YOUR INSTRUCTIONS
The whole listing below must be printed again exactly, images excluded.

GIVEN MATERIAL
··········
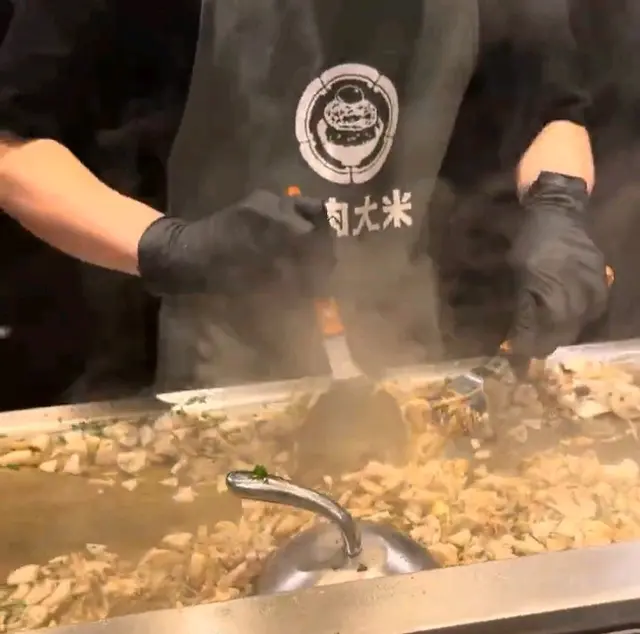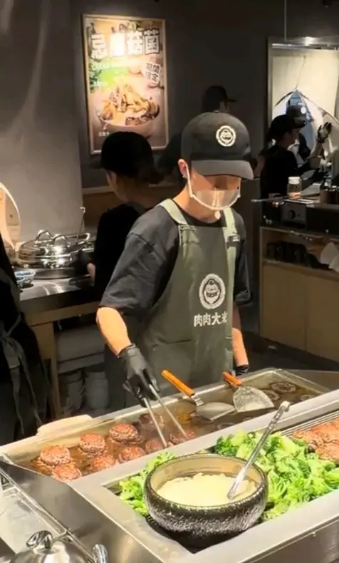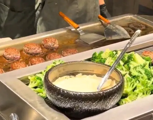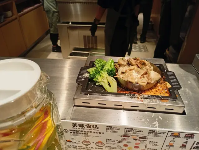 職員係鐵板面前烤漢堡。
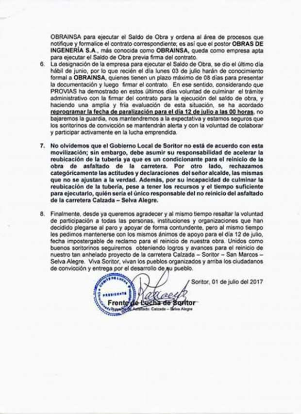 De acuerdo al documento la medida de lucha fue postergada para el próximo miércoles 12 del mes en curso, asegurando que en dicha fecha si o si se realizaría, sin embargo al mismo tiempo se da cuenta que la decisión fue tomada luego de corroborar que las autoridades del Ministerio de Transportes vienen cumpliendo con el cronograma para la ejecución del saldo de la obra con un presupuesto superior a los 67 millones de soles, encontrándose a puertas de la suscripción del contrato con la empresa ganadora del proceso de licitación.
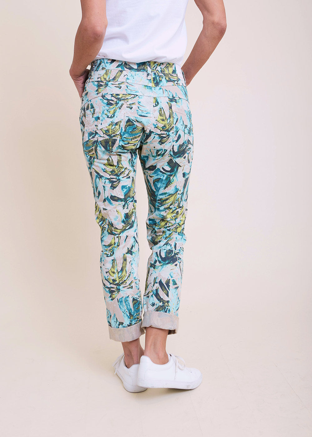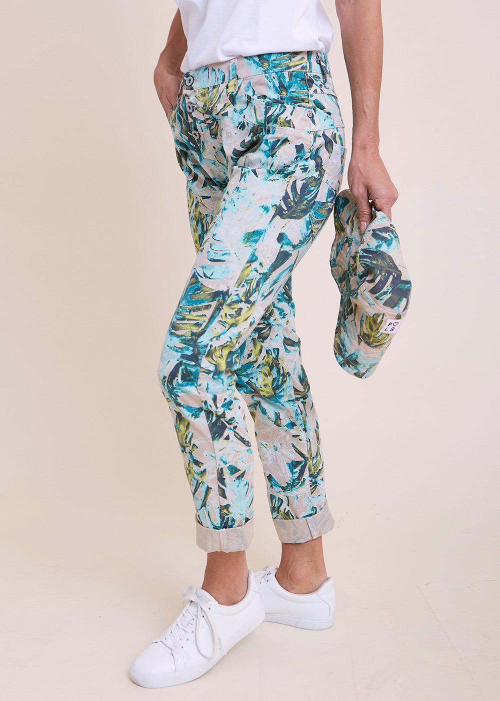 Boyfriend Jeans P78A von Please mit einem Palmendruck Motiv. Sie hat eine besondere Nahtführung für einen schönen Sitz und eine Figurbetonte Passform mit normaler Leibhöhe. Großartig gekrempelt zu einem Sneaker. Mit dem berühmten Herz-Please Metall Label. Ein absoluter Hingucker.
··········
SOLUTION TO THE PROBLEM
 職員係鐵板面前烤漢堡。
 De acuerdo al documento la medida de lucha fue postergada para el próximo miércoles 12 del mes en curso, asegurando que en dicha fecha si o si se realizaría, sin embargo al mismo tiempo se da cuenta que la decisión fue tomada luego de corroborar que las autoridades del Ministerio de Transportes vienen cumpliendo con el cronograma para la ejecución del saldo de la obra con un presupuesto superior a los 67 millones de soles, encontrándose a puertas de la suscripción del contrato con la empresa ganadora del proceso de licitación.
 Boyfriend Jeans P78A von Please mit einem Palmendruck Motiv. Sie hat eine besondere Nahtführung für einen schönen Sitz und eine Figurbetonte Passform mit normaler Leibhöhe. Großartig gekrempelt zu einem Sneaker. Mit dem berühmten Herz-Please Metall Label. Ein absoluter Hingucker.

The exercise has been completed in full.